GIVEN INFORMATION Block Start
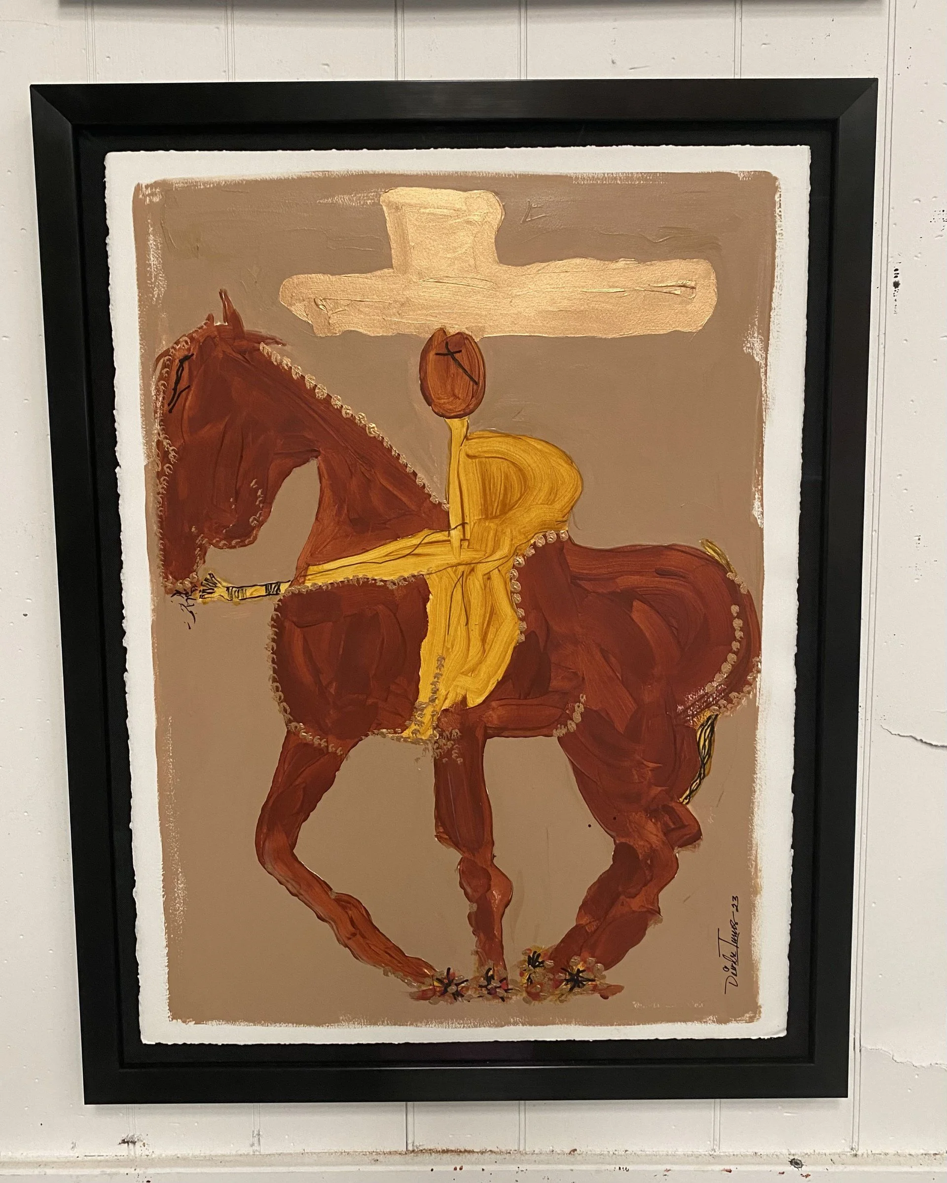Acrylic On Heavy French Arches Paper, In Black Gloss Frame With Black Linen Matte Border.
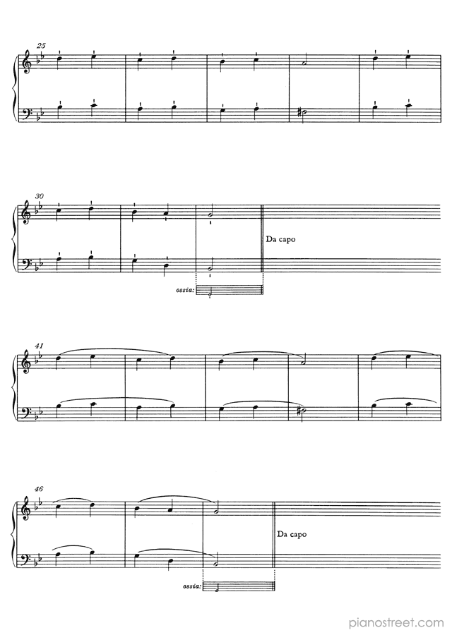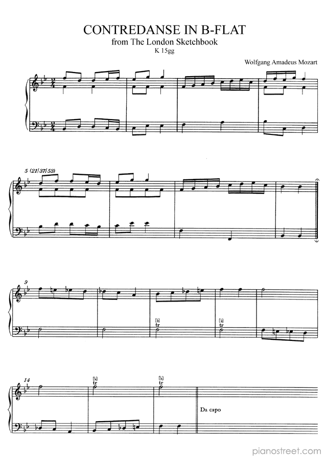 Mozart: Contredanse in B-flat No. 33 in B-flat Major (published in 1764) . DOWNLOAD piano sheet music from Piano Street digital sheet music library.
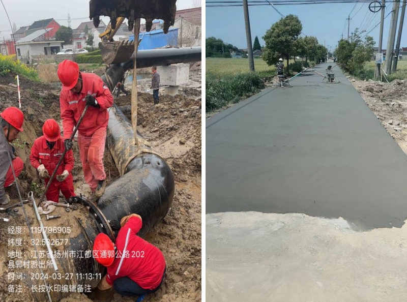 本次施工過程難度大,時(shí)間緊,作業(yè)人員不分晝夜,不懼艱苦,于2024年5月完工,并幫老百姓恢復(fù)損壞的路面。
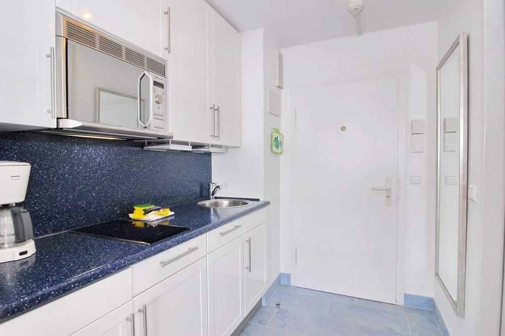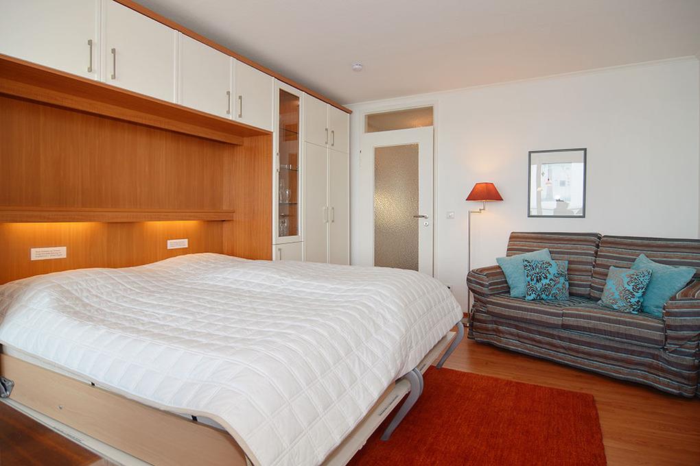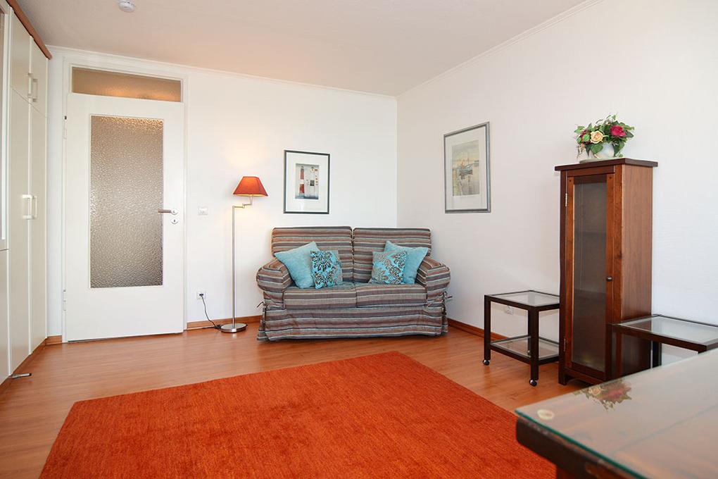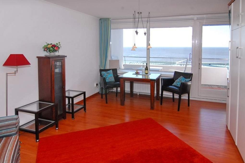Hübsches1-Zimmer-Ferienwohnung, ca. 34 qm im Haus Sylter Welle, 4 OG. Nichtraucher-Whg.! Wohn-/Schlafraum mit Westbalkon und Meeresblick, 2 Einzelschrankbetten, Esstisch mit 2 Lederstühlen am Fenster und Blick auf das Meer, Zweisitzer-Couch, Vitrine-und Kleiderschrank, Flat-TV und Radio. W-Lan (ohne Gewähr) Das Apartment ist mit Holzlaminat ausgelegt. Küchenzeile im Flur mit Mikrowelle und Geschirrspüler, Vollbad / WC mit Duschvorrichtung. Tierhaltung ist nicht gestattet. Bettwäsche und Handtücher sind zur Anreise aufgezogen. Ein PKW-Stellplatz kann kostenpflichtig zugebucht werden.
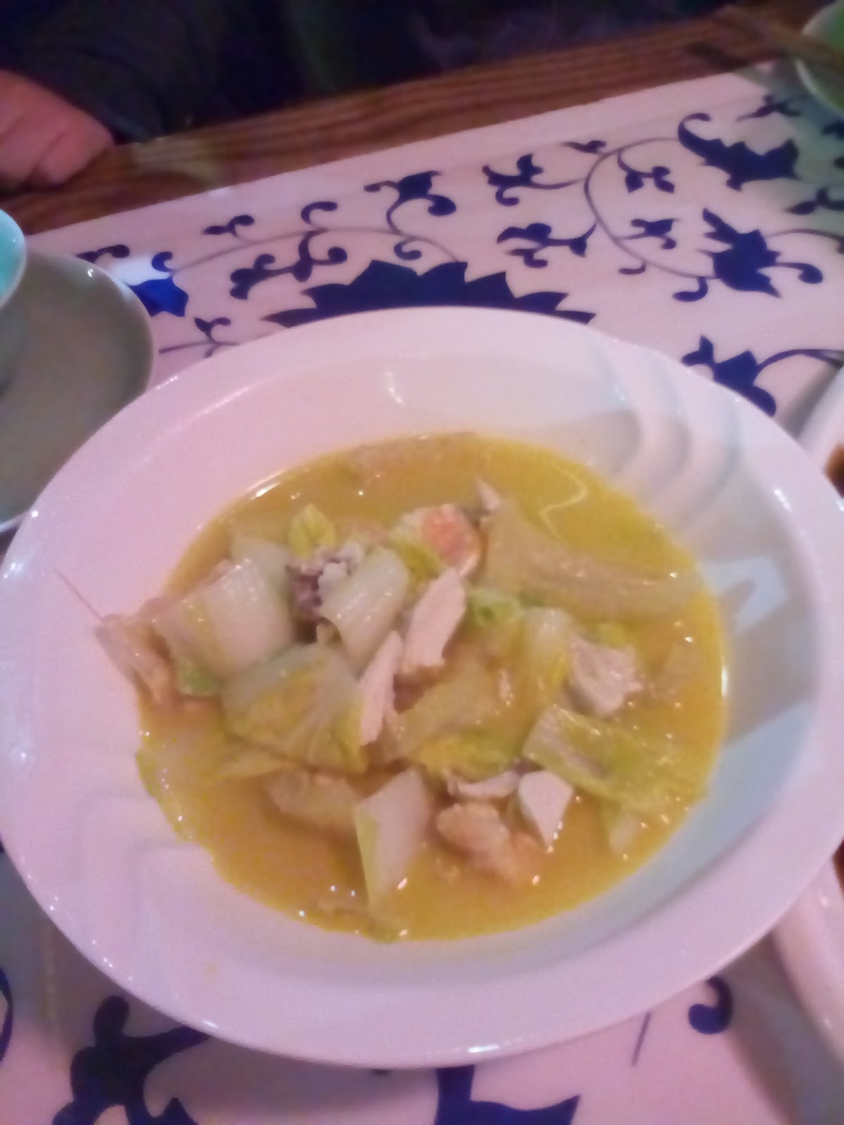 Before the light show, we decided to get dinner, which took a while due to the holiday, but Rebecca and Hardman ordered us a bunch of dishes. It turned out that the cook was still on holiday, so we couldn't get the chicken dish, but we still had plenty.
GIVEN INFORMATION Block End
WHAT IS EXPECTED: Please transcribe each line above exactly, but leave the images out.

ANSWER AREA:
Acrylic On Heavy French Arches Paper, In Black Gloss Frame With Black Linen Matte Border.
 Mozart: Contredanse in B-flat No. 33 in B-flat Major (published in 1764) . DOWNLOAD piano sheet music from Piano Street digital sheet music library.
 本次施工過程難度大,時(shí)間緊,作業(yè)人員不分晝夜,不懼艱苦,于2024年5月完工,并幫老百姓恢復(fù)損壞的路面。
Hübsches1-Zimmer-Ferienwohnung, ca. 34 qm im Haus Sylter Welle, 4 OG. Nichtraucher-Whg.! Wohn-/Schlafraum mit Westbalkon und Meeresblick, 2 Einzelschrankbetten, Esstisch mit 2 Lederstühlen am Fenster und Blick auf das Meer, Zweisitzer-Couch, Vitrine-und Kleiderschrank, Flat-TV und Radio. W-Lan (ohne Gewähr) Das Apartment ist mit Holzlaminat ausgelegt. Küchenzeile im Flur mit Mikrowelle und Geschirrspüler, Vollbad / WC mit Duschvorrichtung. Tierhaltung ist nicht gestattet. Bettwäsche und Handtücher sind zur Anreise aufgezogen. Ein PKW-Stellplatz kann kostenpflichtig zugebucht werden.
 Before the light show, we decided to get dinner, which took a while due to the holiday, but Rebecca and Hardman ordered us a bunch of dishes. It turned out that the cook was still on holiday, so we couldn't get the chicken dish, but we still had plenty.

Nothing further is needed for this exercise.